Naomi stared into her coffee for a moment. “First of all… I’m not entirely sure he has the legal right to some of the books. He had someone come by the other night and I don’t think they were a reference librarian… And anyway, look at these disks. From what I’m seeing in the text, they’re made from rare metals, though nothing too exotic. I mean, nothing government–restricted, for example; but Wikipedia says they’re still expensive enough. Luckily the device doesn’t require too much of any of those materials, because the inside circles of the disks are almost as thin as foil.”
“Okay. And?”
“Well… the engraving on them… it’s incredibly finely detailed. I didn’t even know you could do that kind of intricate, precise work two thousand years ago. That would have been the really expensive part… at least before modern tools and methods.”
“So it’s pretty.”
Naomi began to look impatient. “Look. I didn’t have time for much, but I managed to get into his workshop a couple times for a few minutes and get pictures of the disk diagrams. They show a bunch of possible setup configurations, though I’m unsure for what.”
Chris interrupted. “You said in your messages that the workshop was locked. How did you get in?”
Her look became more impatient. “Let’s just say I got in, okay? I’m not stupid or helpless. Now look, you see these six of the disks are marked with astrological signs, and these two with signs I haven’t been able to identify searching online.”

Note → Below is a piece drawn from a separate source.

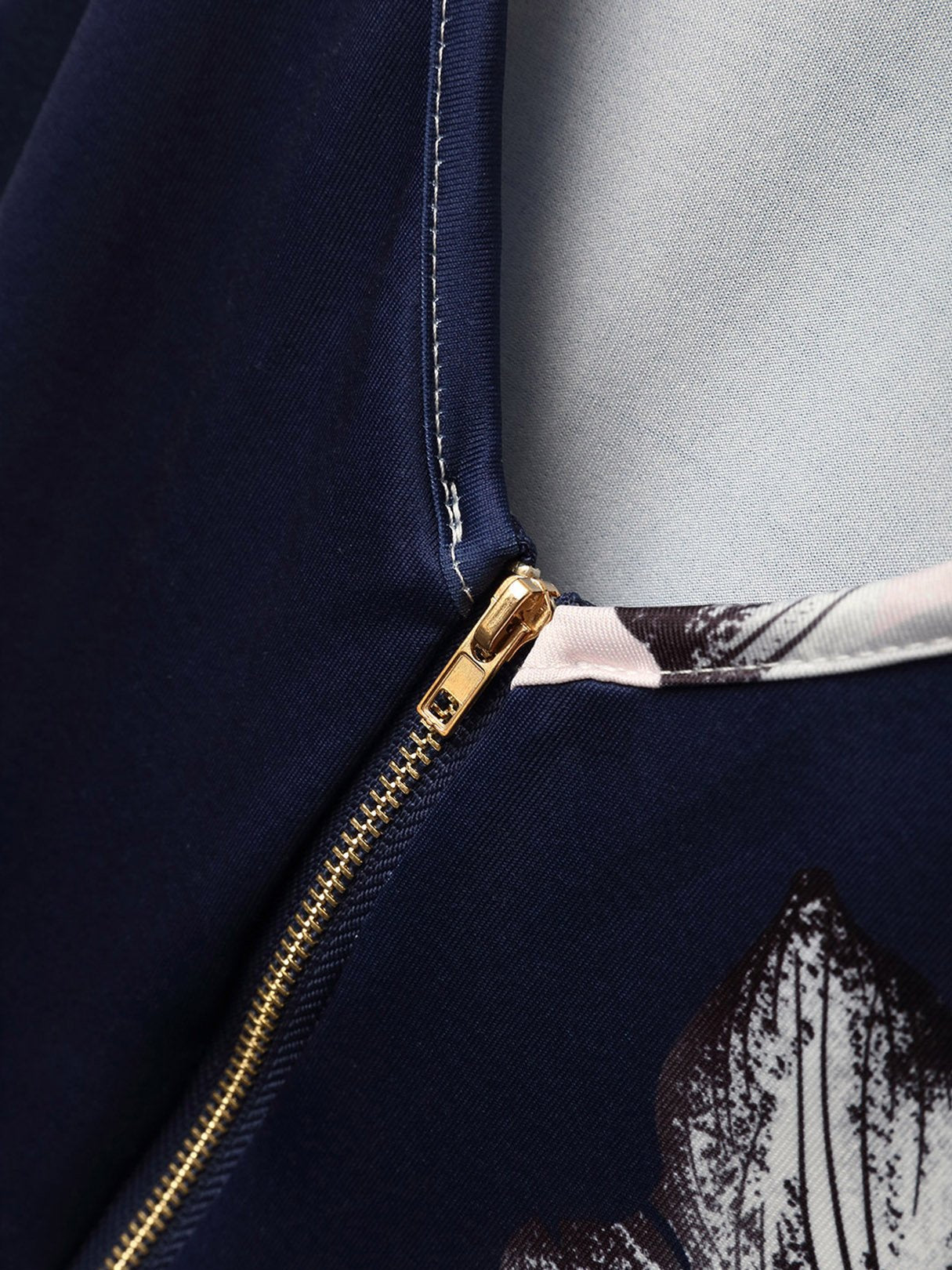 V-Neck Floral Print Zip Back Sleeveless Dark Blue Camis

Chris looked at her notations. “I’ve never heard of any of these signs. Usagi, Ami, Rei, Makoto, Minako, Hotaro…?”
She rolled her eyes. “Oh god. Those are the classic astrological symbols for the Moon, Mercury, Mars, Jupiter, Venus, and Saturn. When I see those symbols, I think of characters from a Japanese TV show, okay? Those characters from the show represent the planets of the solar system.”
“Ah. So, obviously, Haruka and Michiru are Uranus and Neptune.”
“Very good! And that’s exactly what has me worried.”
Chris shook his head. “I don’t get it.”
“Great Cthulhu, did you not learn anything in school? These copies may be a few centuries old: but like I just said, the original of this ‘Codex Astromechanisums’ was compiled two thousand years ago. And we have no records to suggest anyone know about Uranus and Neptune back then. Modern science didn’t know about them until the eighteenth and nineteenth centuries. You need advanced telescopes to find them, and Newton didn’t even publish his treatise on optics until 1704.”
“Until the last few decades, we were also pretty sure no one had clockwork computers two thousand years ago…”
“So you see my concern.”
“All right. Clearly this device has layers of mysterious science to it. I still don’t see why we can’t just try to buy the books from him when he’s done making his toy.”
Naomi sat back, crossing her arms. “Ever watch Mythbusters? The show where they try to replicate urban legends?”
“I’ve heard of it, but some of us have things to do besides watch television all the time.” Chris couldn’t prevent some impatience from creeping into his voice.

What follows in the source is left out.